We are having major issues with our VMware VDI setup currently, and just about every website points us at our SAN as the probable cause. Since we only have one NS-480/Celerra, there is no way to pull it out of production and test it. What I have tried to do is perform some basic file copy operations and time them from one of our ESXi hosts.
I am NOT a SAN guy, so please be a little patient with me. If these tests are flawed, I am happy to try something else, so long as it will not bring down the system.
Our ESXi hosts are running v5.0 on Dell R900 (4 Xeon quad core CPU's, 128GB RAM) and use Broadcom gigabit NICs and QLogic 2 port 4GB FC controllers.
My test host is under negligible load (idle VM's). The host is connected to the NS-480 using both 4GB FC controller ports and using the EMC PowerPath driver. The host also has an NFS datastore presented to it over GigE. I believe the construction of the datastores is such:
Replica: 135GB of SSD storage
L/C (Linked Clones): 2TB Auto tiered from SSD, 15K, 10K, and 7.2K drives
CIFS: 16TB RAID5 8+1 of 7.2K drives
NFS: I believe it shares the CIFS storage, only 500GB is presented
ESX Local: 60GB RAID1 SAS drives on the PCIe bus.
View_15k: 2TB of RAID10 using 30 146GB 10K drives (built for Exchange/Oracle)
Jump: Another local SAS drive on a remote server.
What has me concerned is that at home, I have a QNAP 459 Pro+ NAS with four 2TB 5900 RPM green drives. I can reliably hit 77MB/s and higher copying to and from my QNAP NFS mount. Seems pretty good for SOHO equipment. These speeds blow away what I can get from the EMC SAN on both FC and NFS mounts!!! I can SCP a file from the SSD LUN about as fast as I can copy it over 4GB FC.

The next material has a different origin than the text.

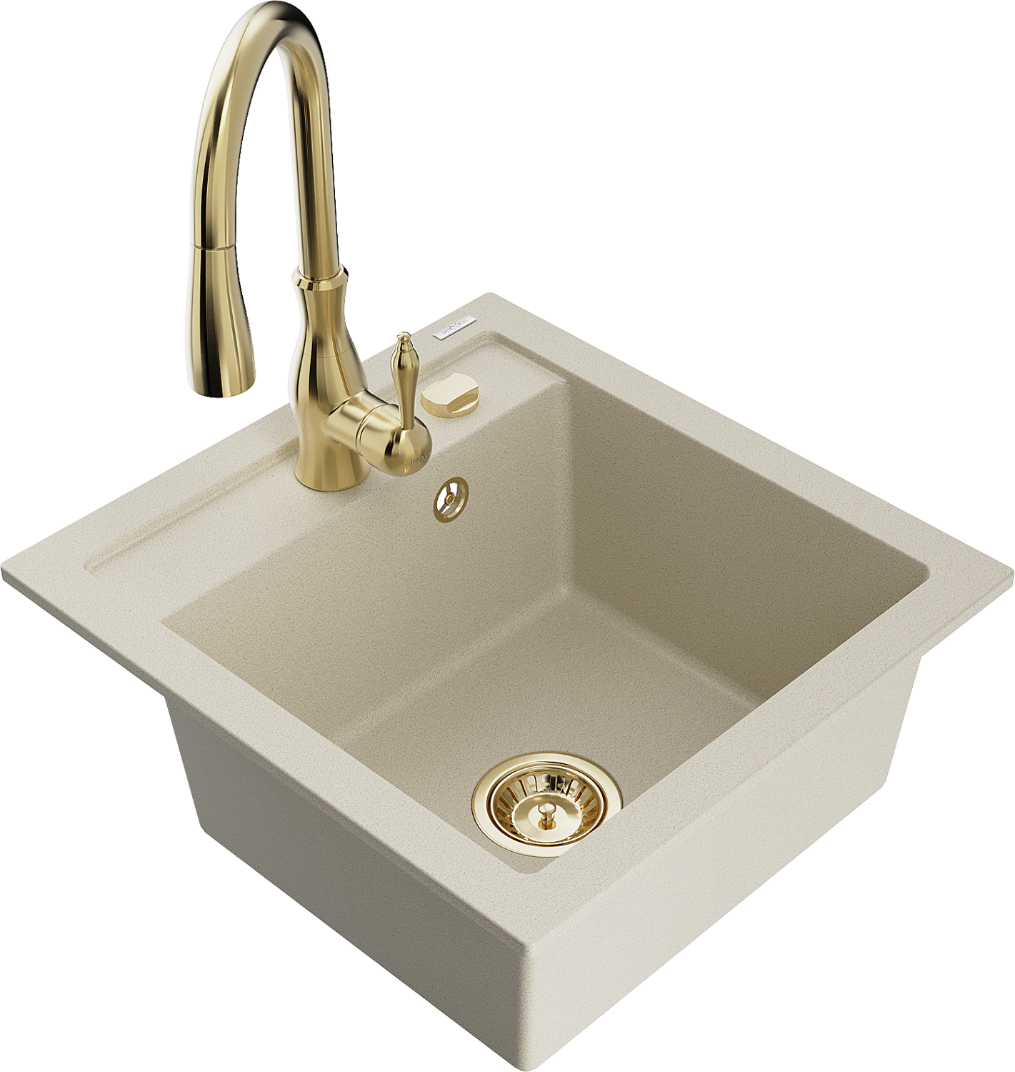 Mexen Vito granitový dřez 1-komorový s kuchyňskou baterií Savita, béžový - 6503-69-672601-50

The test I am performing involves copying a 3.8GB DVD ISO image back and forth from these various datastores. I am doing this during off-peak hours to prevent the data from being tainted by production use. The NFS connection is on the same subnet as the ESX host management interface and the ESX host and Celerra are on the same Cisco 3750G switch stack. This should be the fastest, lowest latency link possible short of a cross-over cable.
See the attached document for results. I am continuing to run tests at various hours. I don't think the solution is to replace the EMC with a QNAP!
So performance across FC, CIFS, and NFS is pretty dismal compared to my crappy home lab. I understand IOPS are also important, but if there is little demand on the bus, these file copies should smoke, shouldnt they?
Like I said, I am not the SAN guy, but I can probably access the tool. Not sure what or where I would be looking, but anything to get to the bottom of this. Are you suspecting there is a problem and that I should be getting much better numbers?
I ran some additional tests and updated the chart in the original post.
Using a combination of tar and SSH I have seen a peak of 58MB/s on the work LAN from a server VM to a physical server. I have found nothing to explain why my 4GB FC connections cannot come close to this.
The SAN team tells me we have plenty of capacity, we arent even scratching the surface. All the logs they send to EMC come back and say everything is groovey. They havent seen my test data yet. We have put our VM's and ESX hosts under the microscope as well and we have tweaked as much as we can. Even when our ESX is out of the picture, the SAN performance on CIFS and NFS stinks according to my tests. Why is this so invisible to them?
Message was edited by: MStrong
if you do not have analyzer, then your raw data points will be encrypted and EMC will be able to decrypt any analyze. However I suspect I am not getting a clear understanding of your setup. Are the vmfs databases presented from the SAN or through NFS ? The reason I am asking is analyzer is only good for SAN data and if its NFS then there are other issues we need to examine ( clean network springs to mind ).